While it is certainly nice to walk away from the house with $100,000 more than you paid for it, the math doesn’t support the idea of the house as a winning investment. And we haven’t even accounted for transaction expenses (like the 6 percent realtor commission), inflation, or for the fact that the value of the house may not rise that dramatically over the next 10 years.
Your house won’t generate cash flow
It would be bad enough if owning a house “only” required heavy carrying costs, but it gets even worse. A house you use as a primary residence generates no cash flow.
This is a critical consideration. When you buy an investment, you usually expect to have some sort of cash flow on that asset, while you are waiting for it to increase in value. That’s certainly true when it comes to stocks, mutual funds, and exchange-traded funds. You expect to collect dividends while you are waiting to sell your investment position at a future date for a higher price.

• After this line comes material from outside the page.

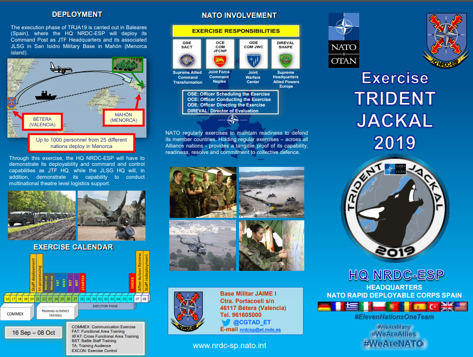 Ve Valencii od 16.9 do 8.10 tam probíhalo velké mezinárodní cvičení Trident Jackal 2019.
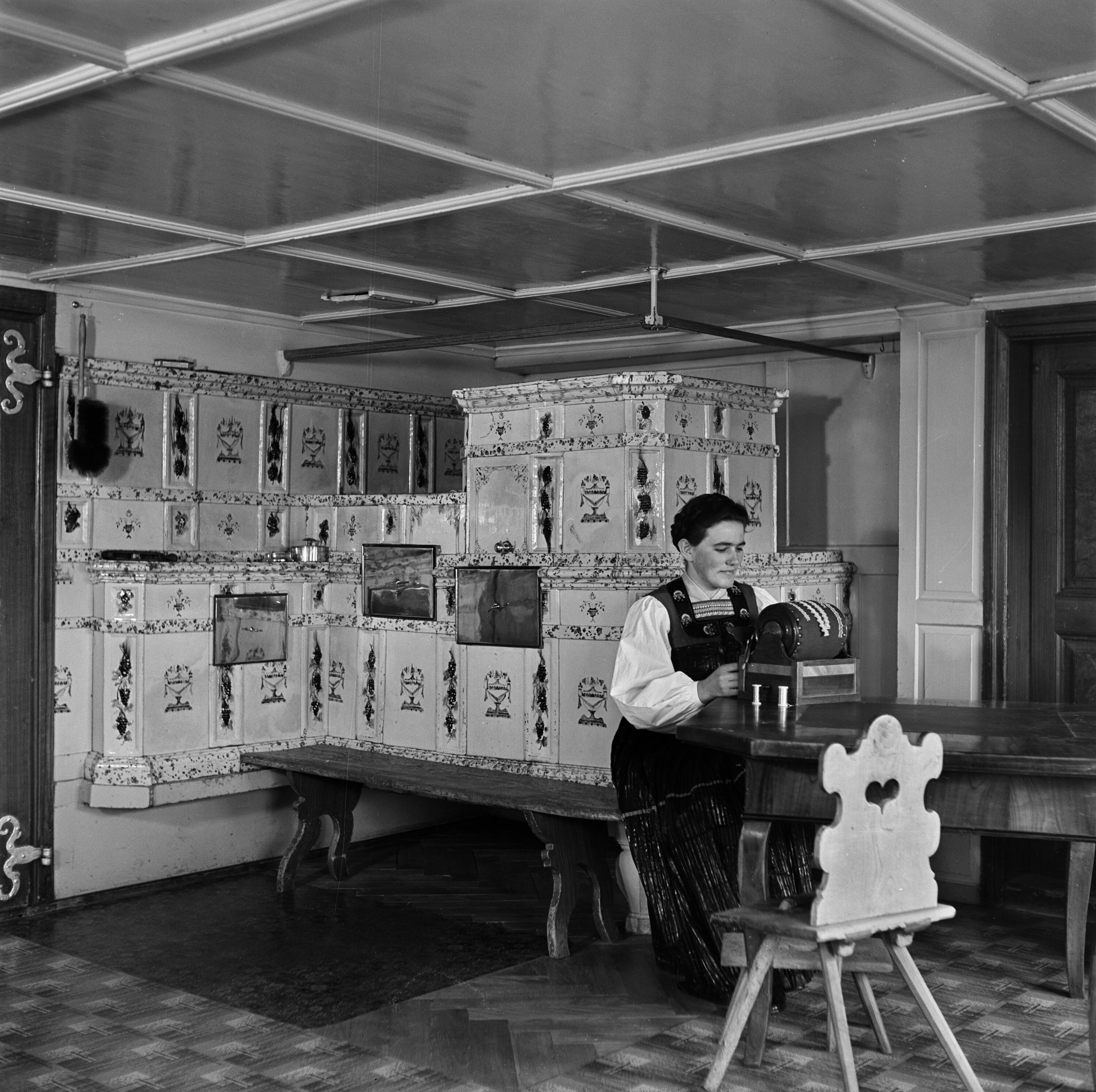 • Stube mit Frau beim Sticken

But even stable investments, like bonds and certificates of deposit, provide interest income while you own them.
This is not true of the house that you live in as a residence. You might make a case for a cash flow, if the house is a two-to-four family structure and provides rental income from the additional units. But if it is a single-family house, townhouse, or condominium, there’ll be no cash flow.
Appreciation is the magic ingredient, but it’s not guaranteed
Finally, let’s revisit the primary reason why so many people consider their house to be an investment. The whole notion rises and falls on the future value of the property. During times when the value of the house increases, people commonly think of their houses as investments.
But during the financial meltdown, and particularly in certain markets, not only did property values not increase, but most fell. Some fell spectacularly. For people in that situation, not only was their house not an investment, but it had become a major liability.
The possibility of a flat or declining housing market can no longer be discounted. Should that happen, you’ll be forced to live in your house much longer than you expect, and you’ll probably find that you can neither sell the property, nor borrow out the equity.
That doesn’t sound much like an investment at all. And it’s probably best that you think of it as a place to live, rather than as an investment.
So where are we going all this? Basically here: Don’t think of your house as an investment—and make sure that you continue to put money into true investments, like financial assets or real estate that produces rental income.
And then kick back and enjoy living in your house. That’s the real purpose of owning one.